So for example, between 2002 and 2010 Chile has added less than one million metric tonnes to its copper exports volume, but thanks to world prices has added thirty-three billion dollars to its copper exports value. But of course, Chile's economic expansion is wholly due to its local politicians and has nothing to do with the wider world of economics...according to the Chilean politicos, at least.

Saturday, November 6, 2010

Peru exports 1994 to date...and copper and gold

Here come three charts: The first shows Peru's exports in US Dollar terms, 1994 to date (including the record export numbers just posted in September 2010), as exports are the whole backbone of the Peru economic expansion. The other two charts show the pirces for Peru's number one and number two exports, namely copper and gold. And be clear that those two make up a lot of the pie, folks, as according to IKN estimates (using MEM production figures and London average spot prices for September), just copper and gold make up 41% of all exports out of Peru by dollar value.

Peru: Economic Miracle or just plain lucky?

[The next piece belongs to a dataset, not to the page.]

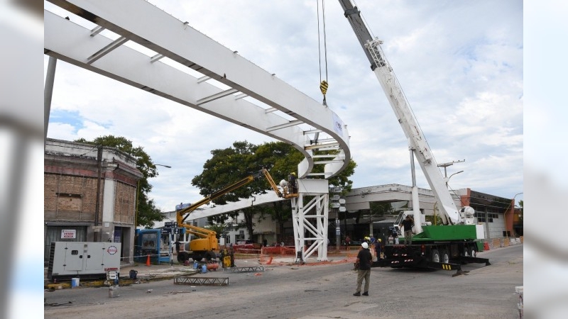 Se completó el armado de la última etapa de la estructura que sostiene el paso peatonal y bicisenda en altura

YOU BE THE JUDGE!




Monday, June 21, 2010

Peru's economic miracle, yeah right

Peru's widely documented economic growth miracle is a house of cards, based on exports of two products that the world currently pays a premium for and liable to a sudden stop due to the narrow exports base the country relies upon. That's clear if you check out country exports for April 2010, a pretty typical month of sales from the country.


Of the U$2.5464Bn in exports registered in April, no less than 52% (U$1.323Bn) came from sales of copper and gold. Then comes the third major metal zinc, all the other metals (lead, silver, iron ore, tin, molybdenum etc), some 8% from hydrocarbons and then all the rest...like everything else from a list that runs to fishery, all agriculture, textiles, wood&paper, non-metallic minerals, chemicals, metal mechanicals and a list of individual items as long as your arm pale into insignificance against the all powerful non-value aggregating primary materials Cu and Au. That's your idea of a miracle, is it? It's luck, no more and no less. The right products at the right time.

Sources are Peru's central bank (here) and peru's mining ministry (here).

Wednesday, December 23, 2009

Argentina exports up 1% YoY in November

For the first time this year, Argentine exports have posted a YoY monthly increase. Exports for November 2009 totalled U$4.934Bn, up from the U$4.894Bn posted for November 2008. Here's the overview chart of exports and imports for Argentina since January 2008.....


....and it's a similar shape to plenty of other regionals (Peru, Chile etc). Again, it goes to show that no matter what political or economic system you have in place, if your country relies on exports for growth you get screwed exactly the same way and then you come out of the hole at the same time.

Just don't tell Moody's, the IMF, dumbass LatAm biz reporters, dumbass op-ed writers etc etc etc

Wednesday, December 9, 2009

The only miraculous thing about Peru's economy......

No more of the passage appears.